How the program operationalizes fracture prevention
The Own the Bone program standardizes early intervention and follow-up after fragility fractures.
“When we see patients in the hospital right away, we measure vitamin D and start nutrition planning,” Fitton says.
- Vitamin D assessment and correction
- Nutrition optimization (calcium, vitamin D, protein)
- Early follow-up (typically within six weeks)
- Medication initiation or adjustment when indicated
- Exercise, balance, and fall-prevention counseling
- Risk factor modification (tobacco, alcohol, medications)
- Longitudinal bone density monitoring
“Calcium, vitamin D, and protein are the building blocks for new musculoskeletal health,” Fitton says. “If patients are vitamin D deficient, they’re not absorbing calcium or protein.”
She emphasizes that pharmacotherapy alone is insufficient without foundational optimization.
Which patients should be referred
Fitton recommends a referral for any adult patient with a fragility fracture. But even someone who appears healthy may benefit from a referral. Osteoporosis is often undetected until a fracture occurs.

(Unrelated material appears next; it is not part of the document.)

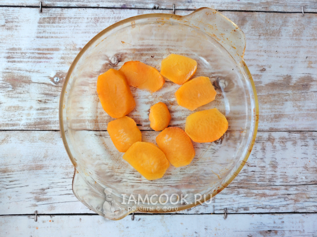 Репу почистить, нарезать на ломтики толщиной около 0,5 см. Влить в форму с овощем воду, чтобы овощные пластинки лишь одной стороной были погружены в нее.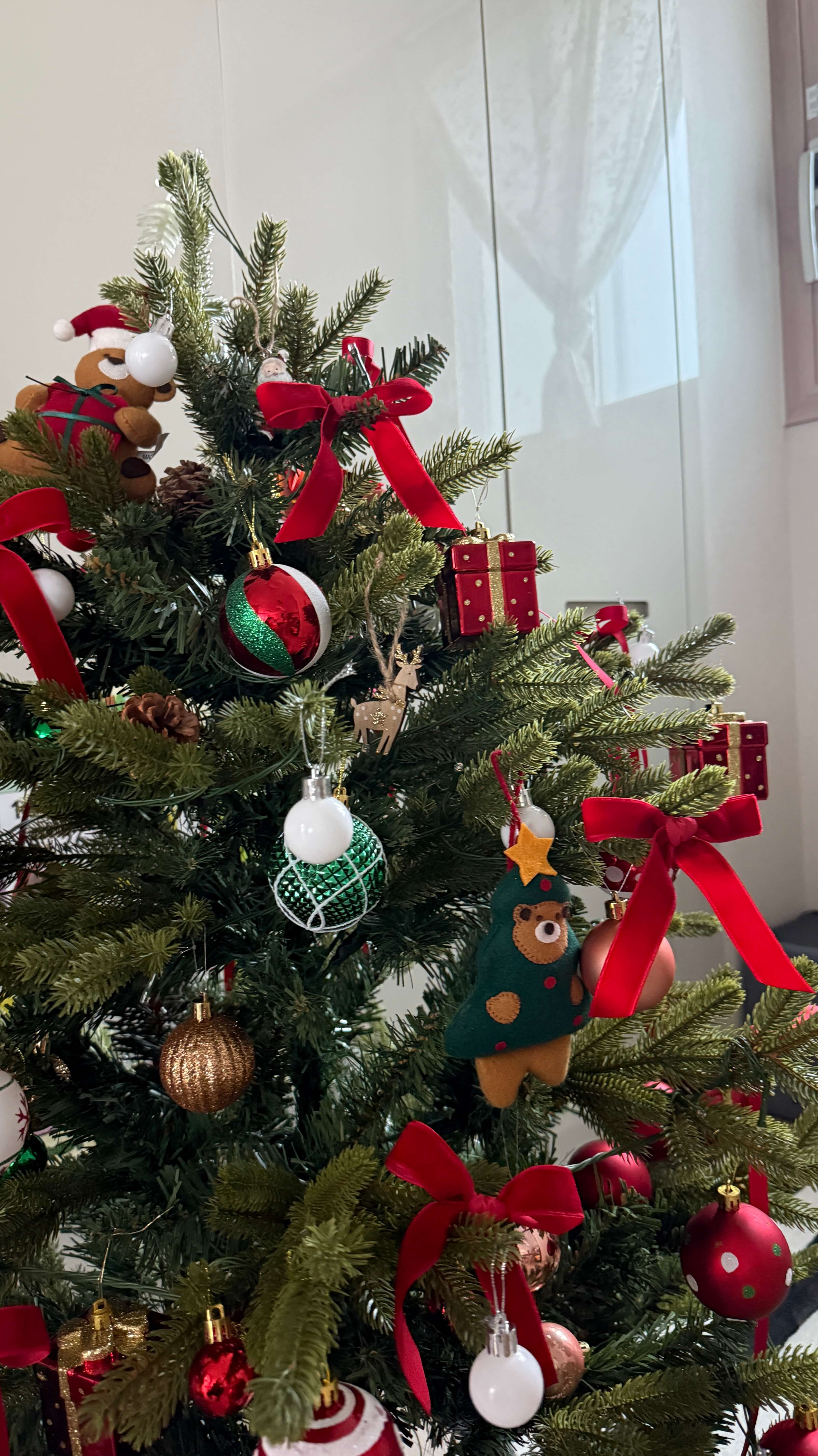 올해 제가 제일 만족한 포인트는 크리스마스 트리 리본이에요. 빨간 벨벳 리본을 따로 사서 직접 만들어 달았는데, 비용 대비 효과가 정말 큽니다. 특히 360도 모두 오너먼트를 달면 비용도 만만치 않은데, 잘 보이는 쪽 위주로 오너먼트를 달고, 뒷면에는 리본으로만 장식해도 예뻤어요!

Fitton hopes that primary care providers will refer patients who fit any of the following criteria:
- Women age 65+ and men age 70+
- Prior wrist, hip, vertebral, or periprosthetic fractures
- Height loss or kyphosis
- Long-term steroid use
- Rheumatoid arthritis, COPD, GI malabsorption, or gastric bypass
- Cancer survivors exposed to chemotherapy or radiation
- Poor response or intolerance to osteoporosis medications
- Preoperative optimization for elective joint or spine surgery
Bone health optimization is as important as preventing that secondary fracture, Fitton notes.
Why early referral matters for fracture prevention
Timing is one of the most important factors in preventing secondary fractures. After a fragility fracture, delays in bone health assessment can mean missed opportunities and a higher risk for another, often more serious, injury.
Fitton explains that historically, patients were referred out of orthopedics for bone health care, but those referrals can take months to materialize. By embedding bone health assessment at the point of fracture care, UI Health Care’s Own the Bone program closes that gap.
“Starting this program in the orthopedic department, we can see patients during that crisis period,” Fitton says. “This is the place to get in and make a difference.”
Early referral allows clinicians to:
- Identify underlying osteoporosis before a second fracture occurs
- Begin nutrition optimization immediately (vitamin D, calcium, protein)
- Address fall risk and modifiable behaviors early
- Initiate or adjust medication before bone loss progresses
- Establish longitudinal follow-up instead of one-time intervention
Fitton emphasizes that waiting until after recovery can change outcomes.
“The 50-year-old with a wrist fracture is often the very patient that will sustain a hip fracture in 10 years if we don’t intervene.”
Early referral also supports continuity of care. Rather than relying on a single visit or a delayed handoff, patients enter a structured program with consistent protocols and ongoing monitoring.
Once patients understand the role bone health plays in healing and long-term independence, Fitton says they’re more likely to engage.
“Once you prioritize bone health, they want to prioritize it too,” she says.
For referring providers, early connection to a specialized bone health program helps ensure that a fracture becomes a preventable turning point, not the first in a series.
Program growth and continuity of care
What began as a post-fracture initiative has expanded into a longitudinal bone health service.
“The program grew so fast, we had to hire two more APPs,” Fitton says.
Patients are followed with serial DXA scans and ongoing risk assessment, supporting continuity rather than one-time intervention. Fitton says that patients generally feel engaged with the program.
“Once patients understand what’s going on, they want to come back,” Fitton says. “Once they’re educated, they’re pretty savvy.”
UI Health Care’s Own the Bone program offers referring providers a consistent, evidence-based pathway for osteoporosis assessment and fracture prevention. Fitton encourages all providers to consider referring appropriate patients to UI Health Care’s Osteoporosis and Bone Health services.